# [Directions]
Write the listing out again word for word, excluding any pictures.

# [Material for this exercise]
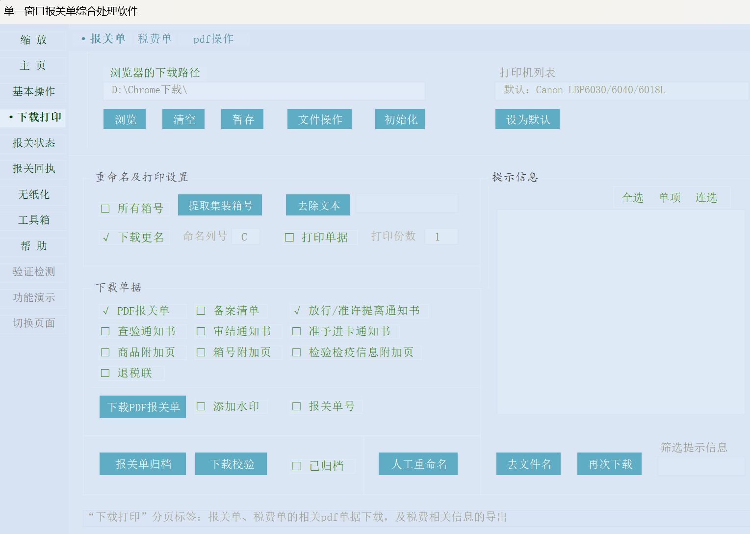 1、建立报关单快速登记本,批量下载pdf报关单、放行、审结及查验通知书等,并可自动添加水印;
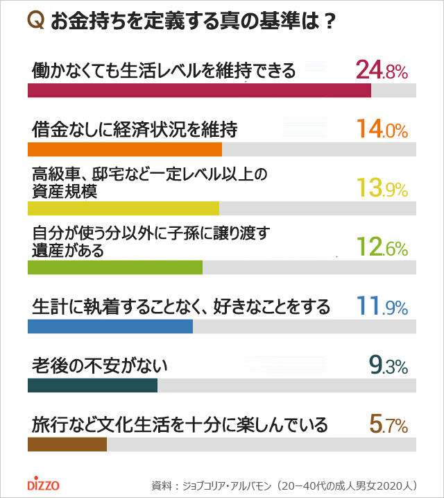また、自分が考える真のお金持ちの基準は何かについて質問した結果、「働かなくても今のような、もしくは今以上の生活レベルを維持、営むことができる」が24.8%で1位となった。
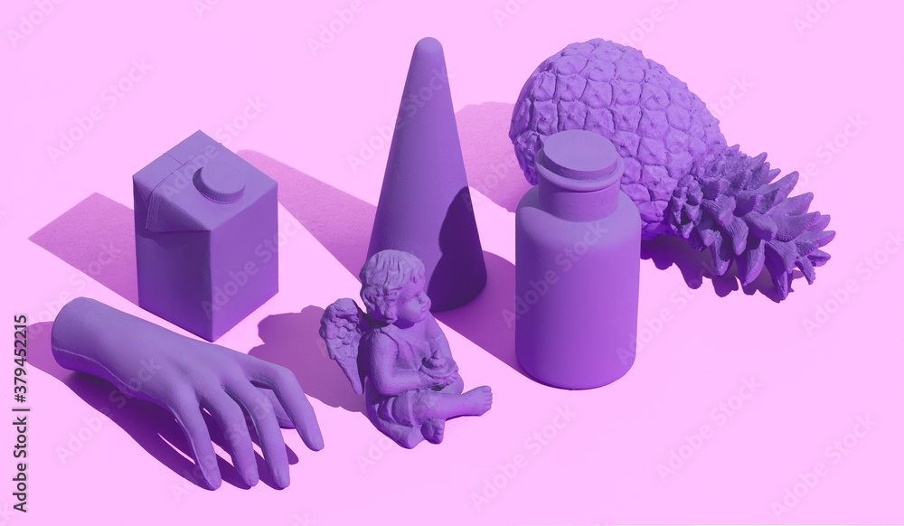 Minimal abstract composition in isometric. Still life. Purple background and objects. Violet geometric mood
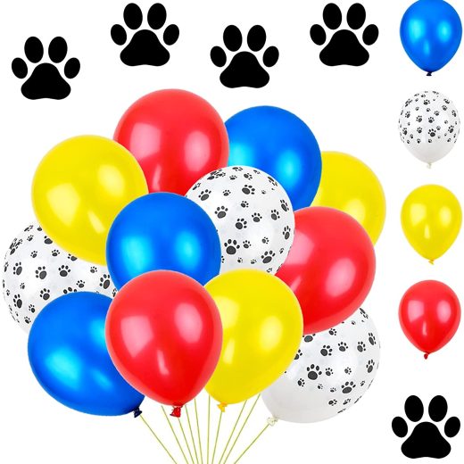 Package includes: 36 12-inch dog paw print balloons with red, yellow, blue, dog paw balloons. Vivid colors: red, yellow, blue, dog paw balloons for…
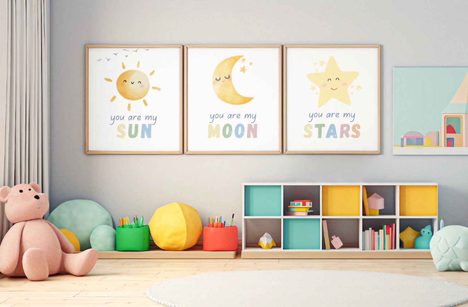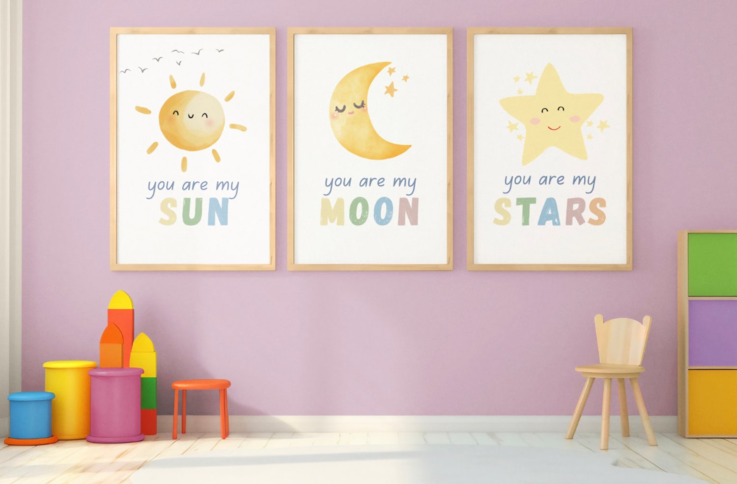 Brighten your child's bedroom or baby nursery with our delightful You Are My Sun, Moon and Stars 3 Piece Poster Set.
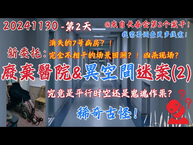 20241130 長春會第2個案子-第2天【继续探查!消失的7號病房&毫不相干的兇殺宿舍場景回溯!廣東中山某廢棄醫院異空間迷案】 詭異!這個案子至少做10天!
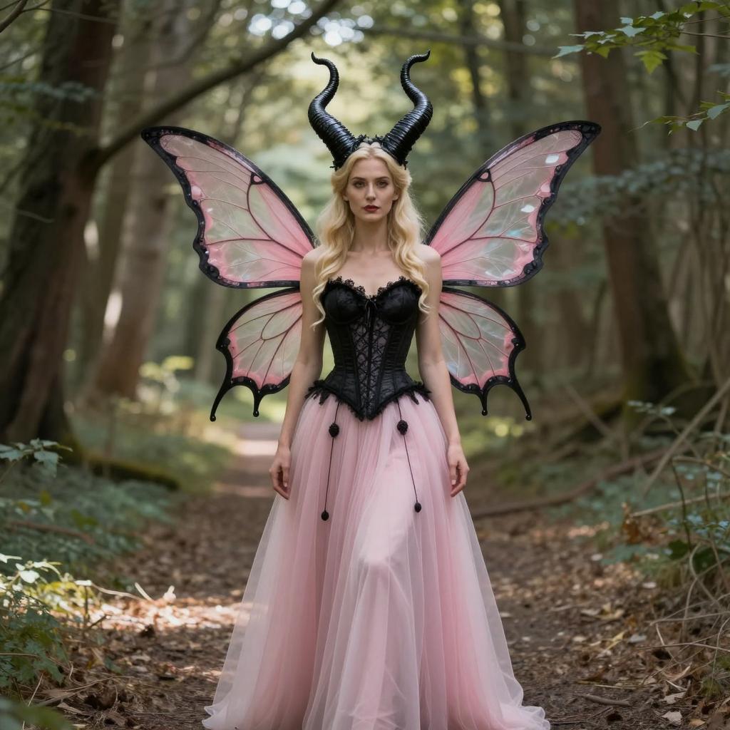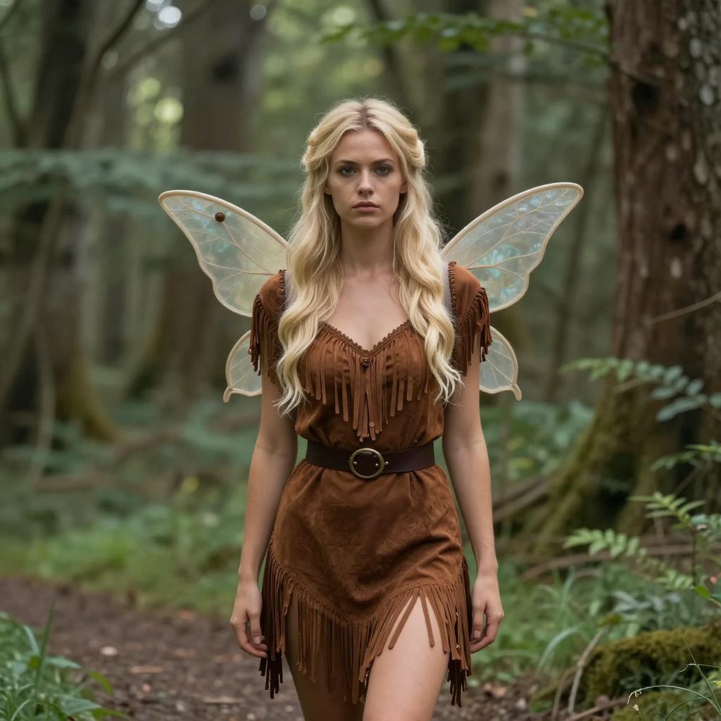 Photo of a blonde woman wearing a brown fringe dress and small translucent wings, standing in a daytime forest setting. The natural light filters through the trees, highlighting her serious expression. The background features green grass, blurred trees, and a forest path.

# [Solution to the exercise]
 1、建立报关单快速登记本,批量下载pdf报关单、放行、审结及查验通知书等,并可自动添加水印;
また、自分が考える真のお金持ちの基準は何かについて質問した結果、「働かなくても今のような、もしくは今以上の生活レベルを維持、営むことができる」が24.8%で1位となった。
 Minimal abstract composition in isometric. Still life. Purple background and objects. Violet geometric mood
 Package includes: 36 12-inch dog paw print balloons with red, yellow, blue, dog paw balloons. Vivid colors: red, yellow, blue, dog paw balloons for…
 Brighten your child's bedroom or baby nursery with our delightful You Are My Sun, Moon and Stars 3 Piece Poster Set.
 20241130 長春會第2個案子-第2天【继续探查!消失的7號病房&毫不相干的兇殺宿舍場景回溯!廣東中山某廢棄醫院異空間迷案】 詭異!這個案子至少做10天!
 Photo of a blonde woman wearing a brown fringe dress and small translucent wings, standing in a daytime forest setting. The natural light filters through the trees, highlighting her serious expression. The background features green grass, blurred trees, and a forest path.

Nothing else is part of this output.